In 2001, PIC purchased a 100-acre parcel from the City of Prestonsburg for such purposes, and the Floyd County assessor’s office sought to tax it. Apparently, no similar efforts to tax PIC’s property had previously occurred. PIC claimed an exemption under the Kentucky Constitution, but the Revenue Cabinet denied the exemption request. The Kentucky Board of Tax Appeals affirmed the Revenue Cabinet’s decision. On appeal, the Floyd Circuit Court disagreed and granted the exemption, finding that PIC was a charitable organization and was exempt under section 170 of the Constitution. The Kentucky Court of Appeals agreed with the Floyd Circuit Court finding that PIC was a purely charitable organization whose activities “reasonably bettered mankind.” On appeal, the Kentucky Supreme Court reversed, finding that PIC’s efforts to increase commercial activity and add jobs was not “pure public charity” because such benefits were only incidental, the primary benefit being the promotion of PIC’s members’ business interests. The Kentucky Supreme Court determined that PIC was not entitled to a tax exemption because it was neither a governmental agency nor was it a purely public charity exempt from taxation under the Kentucky Constitution.
A similar issue recently reached the Illinois Supreme Court in Provena Covenant Medical Center v. Dept. of Revenue, 925 N.E. 2d 1131 (Ill. 2010), where the court upheld the revocation of a charitable property tax exemption because the hospital in question did not prove that a sufficient level of charitable medical care was being provided.
In June of this year, the governor of Illinois signed Public Act 97-688 into law, attempting to resolve this issue and creating a new type of property tax exemption specifically designed for hospitals. The law adds a new section to the Illinois Property Tax Code dealing specifically with property tax exemptions for hospitals. Prior to the addition of this section, hospitals were only eligible for exemptions if they could demonstrate that they were “institutions of public charity.” The new section 15-86 of the Property Tax Code provides a bright line calculation to determine eligibility for the exemption. Essentially, if the total value of a hospital’s charitable services or activities meets or exceeds the hospital’s estimated property tax liability, the hospital may claim the exemption.

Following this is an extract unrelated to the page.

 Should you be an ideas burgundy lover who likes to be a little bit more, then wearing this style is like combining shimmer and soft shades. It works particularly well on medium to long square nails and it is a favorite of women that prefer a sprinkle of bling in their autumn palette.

This law is similar to Pennsylvania’s Institution of Purely Public Charity Act, which the Pennsylvania Supreme Court recently ruled cannot trump the Pennsylvania Constitution or the Pennsylvania Supreme Court’s interpretation of it. It remains to be seen if this Illinois Act 97-688 will survive a constitutional challenge. The Illinois judiciary may well conclude that this statute impinges upon the judicial function of interpreting the scope of the Illinois Constitution, much like the Pennsylvania Supreme Court did in Metsivtah.
Today’s continued economic uncertainty is prompting action by state and local governments as they work to secure necessary income while faced with budget and revenue concerns. A growing number of state and local governments, including Pennsylvania, are looking to nonprofit institutions as potential sources for revenue. While it is still unclear how these recent changes in the law will affect exempt status of nonprofits, continued future exemption from taxation should not be assumed. Charitable organizations with exemptions from property taxes may need to reapply for exempt status, and, as a consequence of these recent developments in the law, some nonprofits may lose their exempt status.